### What you have to do
From the entries below, write out exactly the lines between the line holding "Электрический самокат для" and the line holding "JOHNNY WAS /", inclusive, excluding any pictures.
╭─ Provided material
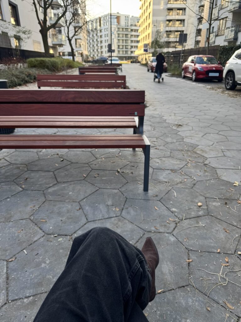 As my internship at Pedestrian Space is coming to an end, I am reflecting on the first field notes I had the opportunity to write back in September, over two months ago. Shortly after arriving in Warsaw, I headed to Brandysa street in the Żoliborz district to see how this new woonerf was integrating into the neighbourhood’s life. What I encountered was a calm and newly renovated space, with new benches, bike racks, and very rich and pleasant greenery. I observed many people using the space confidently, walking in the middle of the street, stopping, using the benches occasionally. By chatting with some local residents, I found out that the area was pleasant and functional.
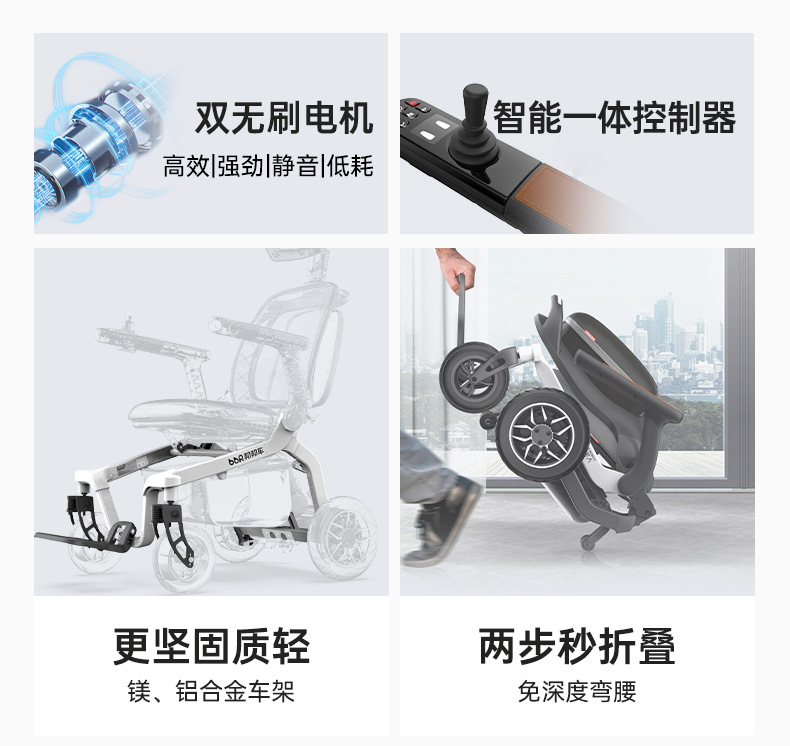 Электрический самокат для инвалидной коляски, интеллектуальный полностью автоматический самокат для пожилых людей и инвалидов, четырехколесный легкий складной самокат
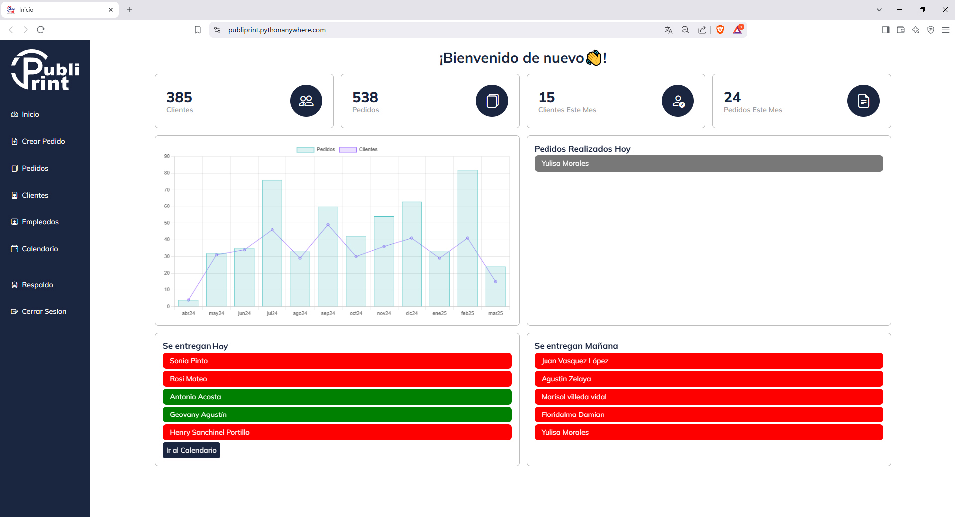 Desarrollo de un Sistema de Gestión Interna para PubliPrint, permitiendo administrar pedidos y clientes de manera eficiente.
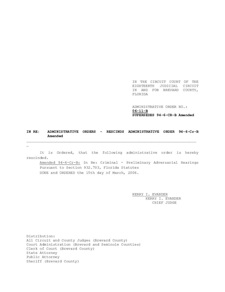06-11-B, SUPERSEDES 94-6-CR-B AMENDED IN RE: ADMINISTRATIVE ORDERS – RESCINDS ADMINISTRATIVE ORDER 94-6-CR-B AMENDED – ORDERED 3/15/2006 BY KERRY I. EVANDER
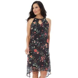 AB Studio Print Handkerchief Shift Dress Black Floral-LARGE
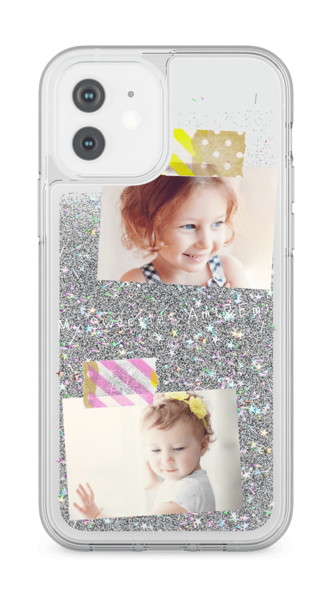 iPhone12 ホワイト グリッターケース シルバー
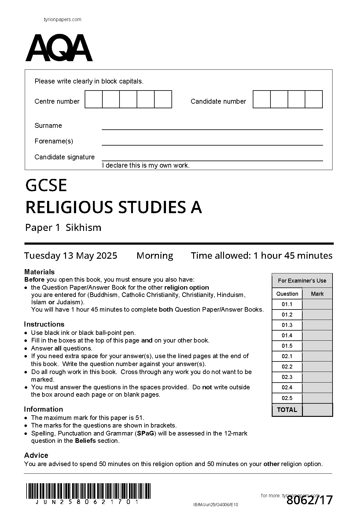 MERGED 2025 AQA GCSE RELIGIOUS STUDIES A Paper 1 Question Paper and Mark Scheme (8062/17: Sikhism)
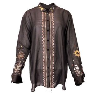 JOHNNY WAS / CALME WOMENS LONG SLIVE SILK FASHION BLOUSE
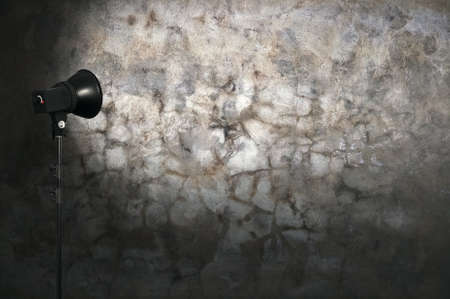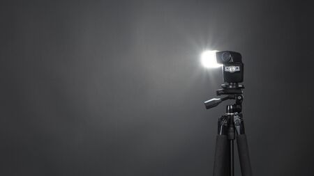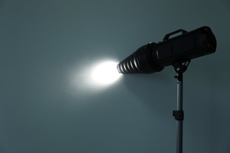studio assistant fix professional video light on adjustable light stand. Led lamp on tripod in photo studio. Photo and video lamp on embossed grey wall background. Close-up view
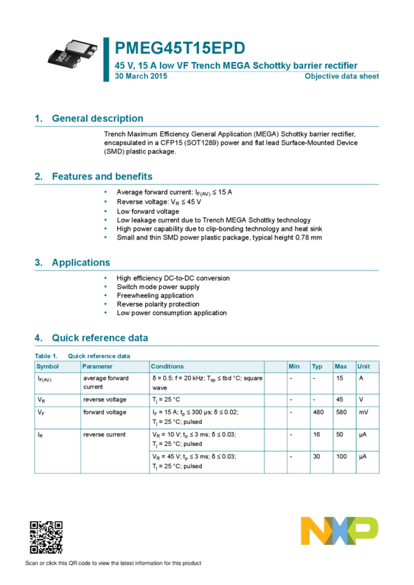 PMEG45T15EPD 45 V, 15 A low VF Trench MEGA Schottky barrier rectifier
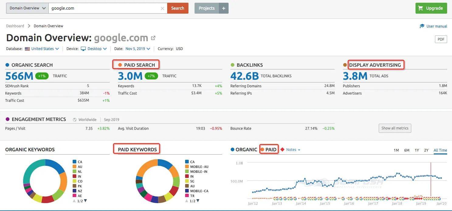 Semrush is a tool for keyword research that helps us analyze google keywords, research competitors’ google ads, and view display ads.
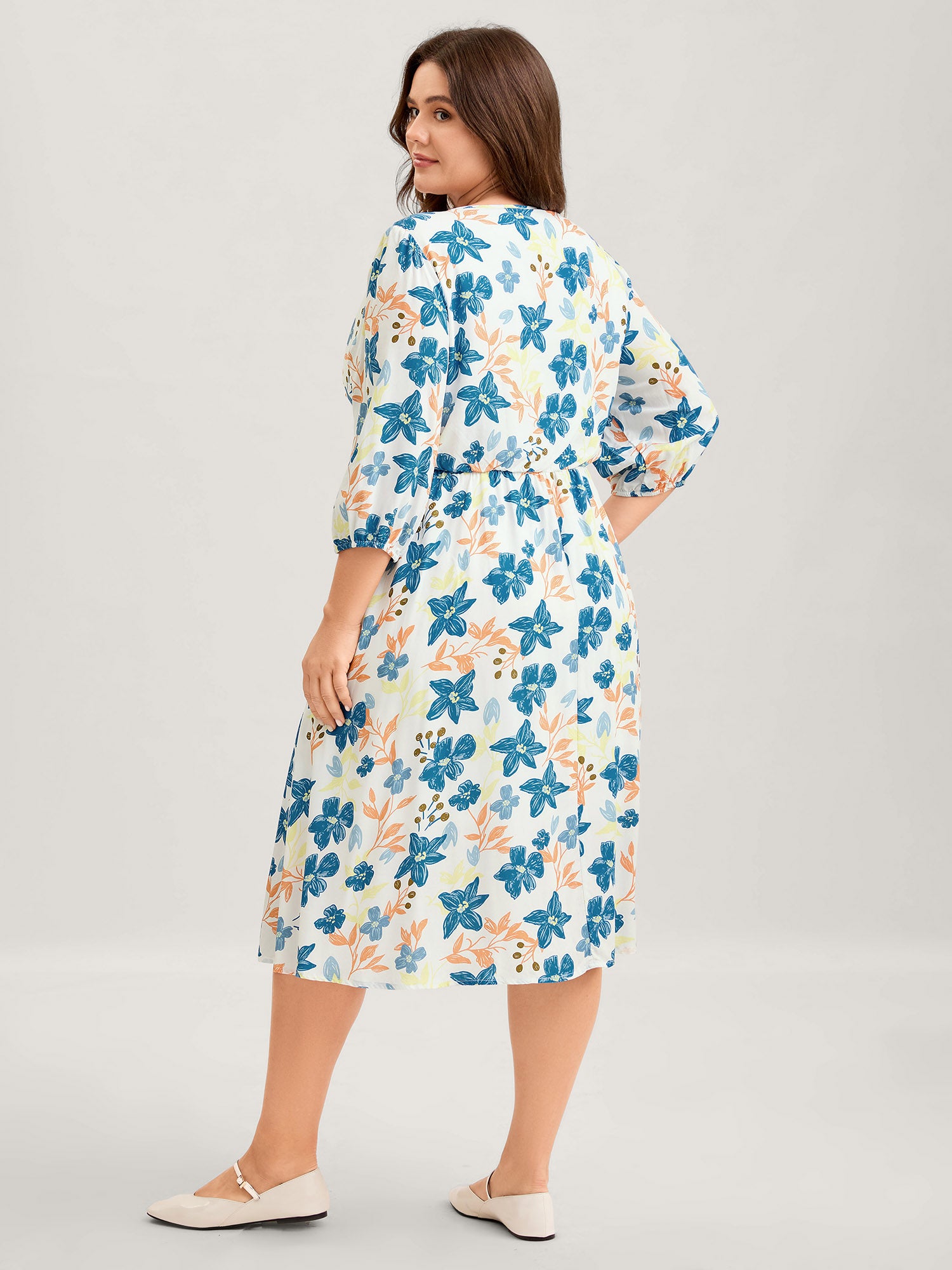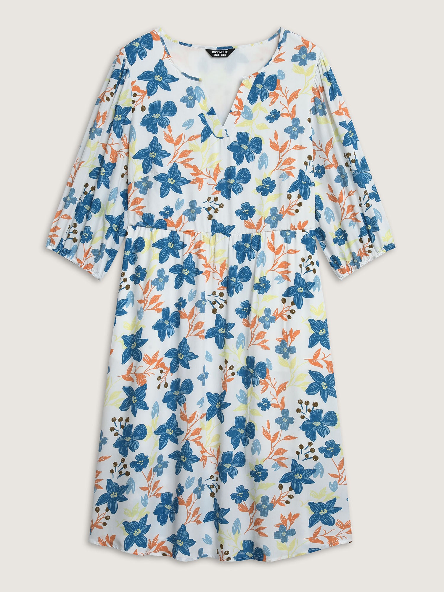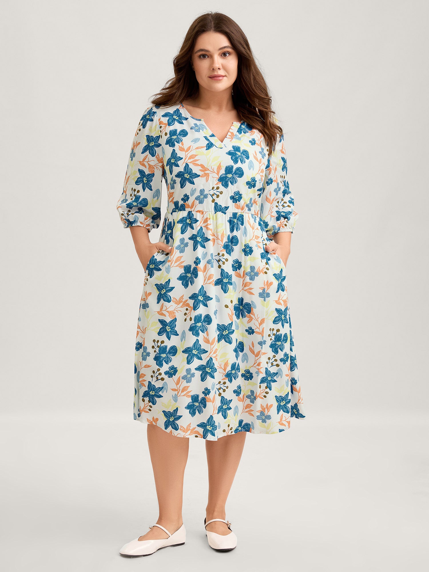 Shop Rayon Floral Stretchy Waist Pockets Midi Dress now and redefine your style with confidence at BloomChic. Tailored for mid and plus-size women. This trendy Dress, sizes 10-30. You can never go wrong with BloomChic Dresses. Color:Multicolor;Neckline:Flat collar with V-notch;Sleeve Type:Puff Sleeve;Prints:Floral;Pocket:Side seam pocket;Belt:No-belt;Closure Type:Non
╰─
### Task solution
 Электрический самокат для инвалидной коляски, интеллектуальный полностью автоматический самокат для пожилых людей и инвалидов, четырехколесный легкий складной самокат
 Desarrollo de un Sistema de Gestión Interna para PubliPrint, permitiendo administrar pedidos y clientes de manera eficiente.
06-11-B, SUPERSEDES 94-6-CR-B AMENDED IN RE: ADMINISTRATIVE ORDERS – RESCINDS ADMINISTRATIVE ORDER 94-6-CR-B AMENDED – ORDERED 3/15/2006 BY KERRY I. EVANDER
 AB Studio Print Handkerchief Shift Dress Black Floral-LARGE
 iPhone12 ホワイト グリッターケース シルバー
 MERGED 2025 AQA GCSE RELIGIOUS STUDIES A Paper 1 Question Paper and Mark Scheme (8062/17: Sikhism)
 JOHNNY WAS / CALME WOMENS LONG SLIVE SILK FASHION BLOUSE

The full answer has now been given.